Authors: Bryan Sullivan and Vincent Liu

Publisher: McGraw-Hill  – 331  pages

Book Review by:  Venkat Balasubramaniam

The dilemma faced by firms that want to avoid intrusion and theft of their secrets (data containing customers’ names, quantities and dollar amounts of their purchases, to give one simple but critical example) by hackers is illustrated by the authors in the story below of  The Wizard, the Giant and the Magic Fruit Trees in the Epilogue of this very useful book.

Here is how the story goes:

The hero of this story is the wizard, who owns an enchanted orchard planted with fruit trees. The wizard lives in a tower within the orchard. In the tower is a collection of the wizard’s magic scrolls, crystal balls, wands and other valuable materials.

The wizard lets people living in a village nearby to pick his fruit and buy his magic potion. But the last time the wizard checked his orchard, he was shocked and dismayed to find that most of his trees had been wrecked.

To protect his fruit trees from intruders, the wizard had a moat built around his orchard.   The moat contained hot lava. The problem though was that the moat also kept away the good villagers who came to pick his fruit and buy the magic potion from him.

So the wizard got his friend the giant to help him. The giant was very tall and very strong, but not very smart. When villagers came by, the wizard called out to the giant to get the fruit. The giant would jump over the moat to give the fruit he had picked, to the villagers.

The giant understood that his job was simply to serve the villagers’ requests, and he followed the wizard’s instructions to the letter. So when a sneaky young man came by one day and asked the giant to fetch him the wizard’s collection of magic scrolls, he simply complied, going up to the tower, getting, and then giving away the wizard’s secrets to the young man.

The giant’s attributes of tallness and strength served the wizard well. But the giant’s assumption that he give villagers whatever they asked for, made him give away the wizard’s valuable secrets to a clever thief.

The wizard could give the giant a list of what he should not give to the villagers, but that would be too long a list, reasoned the wizard. So the wizard cast a spell on the giant that prevented him from entering the wizard’s tower. There was no need for him to go to the tower where the wizard’s secrets were stored. He also sat the giant down and explained to him very clearly that his job is only to pick and pass the fruit on to the villagers.

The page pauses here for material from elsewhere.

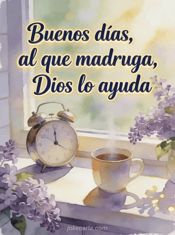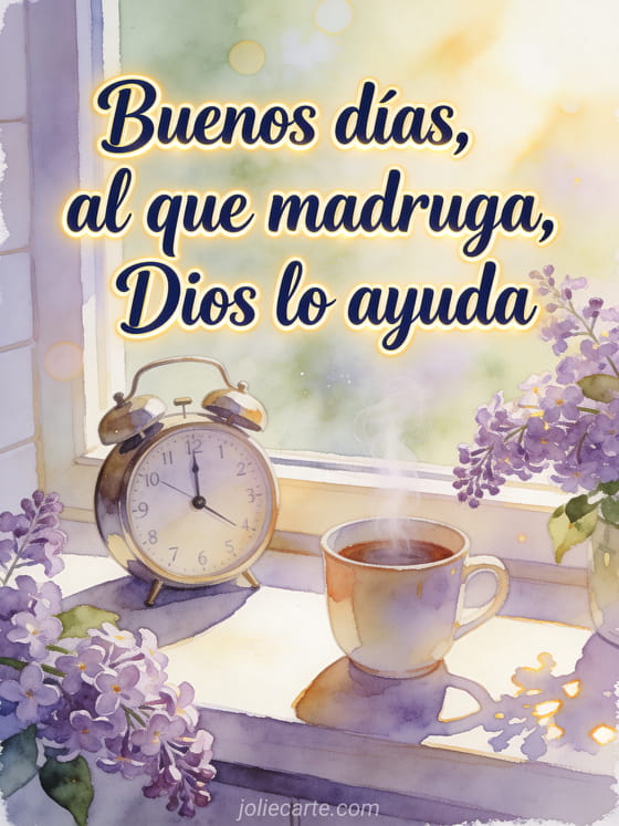 Envía un mensaje de buenos días matutino con letras azul marino nítidas en acuarela, una ventana alegre de cocina, un despertador vintage, una taza humeante y ramas frescas de lila. Descubran también tarjeta virtual animada de buenos días, un mensaje de buenos días para mi novia o tarjetas de buenos días gratis.

Once the rules were in place, the wizard felt secure that his secrets were protected, the villagers were happy to get the fruit and buy the magic potion they wanted, and the giant clearly understood his job – what to do and what not to do. (I suppose he was happy to have a job at all in today’s tough economy, and that too, using his attributes of being very tall and very strong!)

The above story is an excellent means of solving problems relating to data security issues. If you are an executive of a pharmaceutical firm for example, and a large chunk of your company’s revenue and profit comes from a drug developed by your scientists, and somehow hackers get into your computer system and steal the formula and other data relating to that key drug – an important company asset – how much in sales would the company lose and how do you prevent that from happening again?

This book has three parts to it and nine chapters.

Part I, entitled “Primer” is an introduction to web application security and its fundamentals. It points out the misplaced priorities that companies have and calls for a new focus. It explains differences between network security and application security and emphasizes the need to “think like a defender.”

In here are two chapters. The first has a list and discussion of ten problems, namely: injection; cross-site scripting (XSS); broken authentication and session management; insecure direct object references; cross-site request forgery; security misconfiguration; insecure cryptographic storage; failure to restrict URL access; insufficient transport layer protection; and unvalidated redirects and forwards.

The second chapter, on security fundamentals, deals with three issues: input validation, attack surface reduction, and classifying and prioritizing threats.

Part II, “Web Application Security Principles” has chapters dealing with: authentication; authorization; and browser security principles on same-origin policy, cross-site scripting, and cross-site request forgery; data-security principles and file-security principles.

Part III, “Secure Development and Deployment” deals with methodologies relating to “baking security in,” the holistic approach to application security, and industry-standard secure development maturity models.

This is a work that covers many matters on web application security. It is more than a beginner’s guide as the title suggests. It has topics that are at a higher than a beginner’s level. It is a valuable book, and the authors have done good work on it.

Bryan Sullivan is a security researcher at Adobe Systems, where he focuses on web and cloud security issues. He was previously a program manager on the Microsoft Security Development Lifecycle team and development manager at Hewlett Packard, where he helped to design HP’s vulnerability scanning tools, WebInspect and DevInspect.

Vincent Liu is a managing partner at Stach & Liu, a security consulting firm providing information technology security services to Fortune 1000 firms, global financial institutions, U.S. and foreign governments. He previously led the Attack & Penetration and Reverse Engineering teams for the global security unit at Honeywell International.